* **Data to process**
□ □ □ □ □ □ □

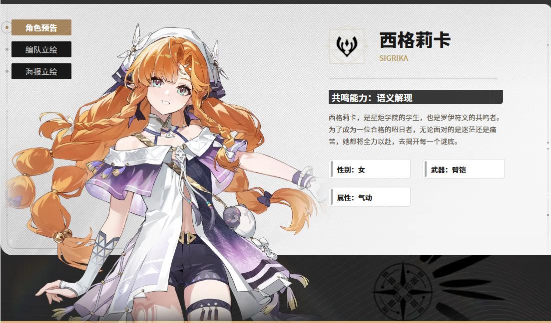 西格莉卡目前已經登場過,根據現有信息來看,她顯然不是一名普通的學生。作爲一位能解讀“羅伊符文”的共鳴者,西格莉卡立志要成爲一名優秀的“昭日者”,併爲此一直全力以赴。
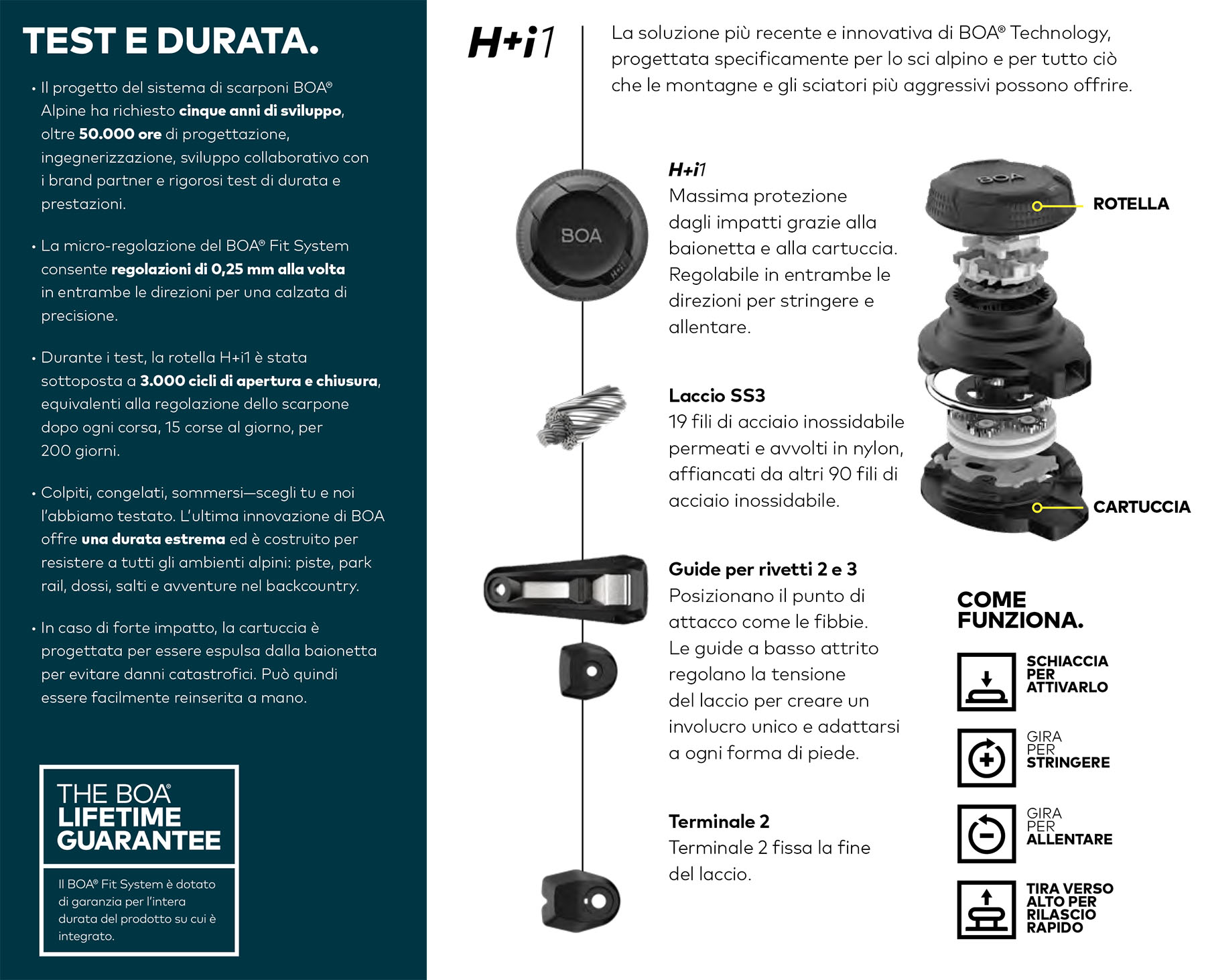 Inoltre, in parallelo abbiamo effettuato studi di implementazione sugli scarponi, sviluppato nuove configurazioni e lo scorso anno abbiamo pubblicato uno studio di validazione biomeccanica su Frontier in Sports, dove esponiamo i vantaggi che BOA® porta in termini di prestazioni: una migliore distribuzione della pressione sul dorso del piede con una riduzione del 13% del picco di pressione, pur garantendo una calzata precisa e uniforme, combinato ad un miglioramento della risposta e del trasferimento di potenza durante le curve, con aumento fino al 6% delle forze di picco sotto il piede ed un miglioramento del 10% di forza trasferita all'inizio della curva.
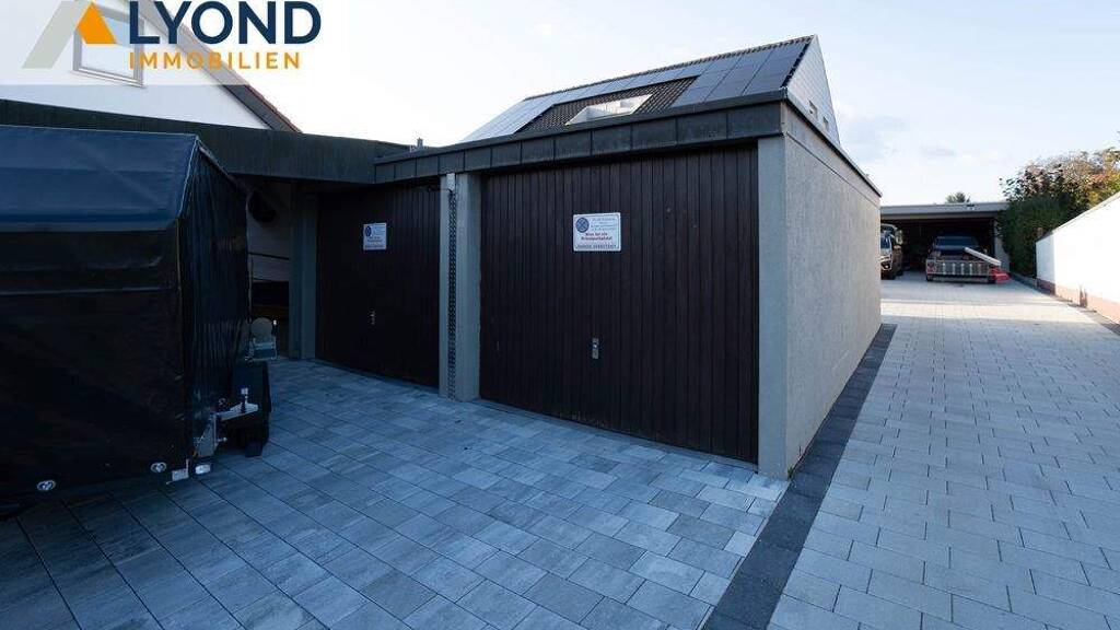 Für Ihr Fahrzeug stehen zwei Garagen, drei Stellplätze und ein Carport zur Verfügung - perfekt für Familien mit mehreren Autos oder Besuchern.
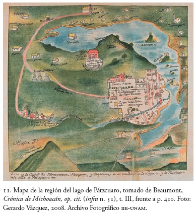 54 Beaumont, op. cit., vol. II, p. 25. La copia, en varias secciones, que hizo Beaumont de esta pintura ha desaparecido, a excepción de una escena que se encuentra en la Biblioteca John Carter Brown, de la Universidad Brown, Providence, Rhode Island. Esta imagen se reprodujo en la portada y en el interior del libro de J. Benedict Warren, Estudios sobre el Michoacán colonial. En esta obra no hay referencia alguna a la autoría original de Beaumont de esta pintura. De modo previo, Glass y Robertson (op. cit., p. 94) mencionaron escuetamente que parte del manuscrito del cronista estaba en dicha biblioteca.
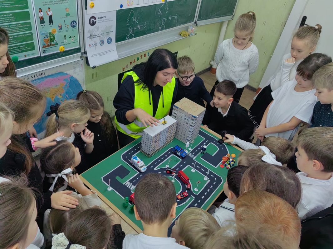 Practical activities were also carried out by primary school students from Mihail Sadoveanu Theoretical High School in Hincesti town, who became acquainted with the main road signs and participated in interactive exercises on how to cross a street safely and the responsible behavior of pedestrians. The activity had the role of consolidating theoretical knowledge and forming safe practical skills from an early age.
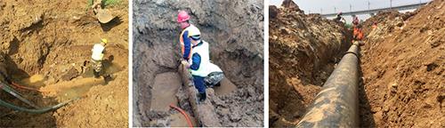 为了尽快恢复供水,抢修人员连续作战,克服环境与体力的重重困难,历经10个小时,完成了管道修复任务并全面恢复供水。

□ □ □ □ □ □ □

* **What this task involves**
A word-for-word copy of all the data, without pictures, is the expected output.

* **Task response**
 西格莉卡目前已經登場過,根據現有信息來看,她顯然不是一名普通的學生。作爲一位能解讀“羅伊符文”的共鳴者,西格莉卡立志要成爲一名優秀的“昭日者”,併爲此一直全力以赴。
 Inoltre, in parallelo abbiamo effettuato studi di implementazione sugli scarponi, sviluppato nuove configurazioni e lo scorso anno abbiamo pubblicato uno studio di validazione biomeccanica su Frontier in Sports, dove esponiamo i vantaggi che BOA® porta in termini di prestazioni: una migliore distribuzione della pressione sul dorso del piede con una riduzione del 13% del picco di pressione, pur garantendo una calzata precisa e uniforme, combinato ad un miglioramento della risposta e del trasferimento di potenza durante le curve, con aumento fino al 6% delle forze di picco sotto il piede ed un miglioramento del 10% di forza trasferita all'inizio della curva.
 Für Ihr Fahrzeug stehen zwei Garagen, drei Stellplätze und ein Carport zur Verfügung - perfekt für Familien mit mehreren Autos oder Besuchern.
 54 Beaumont, op. cit., vol. II, p. 25. La copia, en varias secciones, que hizo Beaumont de esta pintura ha desaparecido, a excepción de una escena que se encuentra en la Biblioteca John Carter Brown, de la Universidad Brown, Providence, Rhode Island. Esta imagen se reprodujo en la portada y en el interior del libro de J. Benedict Warren, Estudios sobre el Michoacán colonial. En esta obra no hay referencia alguna a la autoría original de Beaumont de esta pintura. De modo previo, Glass y Robertson (op. cit., p. 94) mencionaron escuetamente que parte del manuscrito del cronista estaba en dicha biblioteca.
 Practical activities were also carried out by primary school students from Mihail Sadoveanu Theoretical High School in Hincesti town, who became acquainted with the main road signs and participated in interactive exercises on how to cross a street safely and the responsible behavior of pedestrians. The activity had the role of consolidating theoretical knowledge and forming safe practical skills from an early age.
 为了尽快恢复供水,抢修人员连续作战,克服环境与体力的重重困难,历经10个小时,完成了管道修复任务并全面恢复供水。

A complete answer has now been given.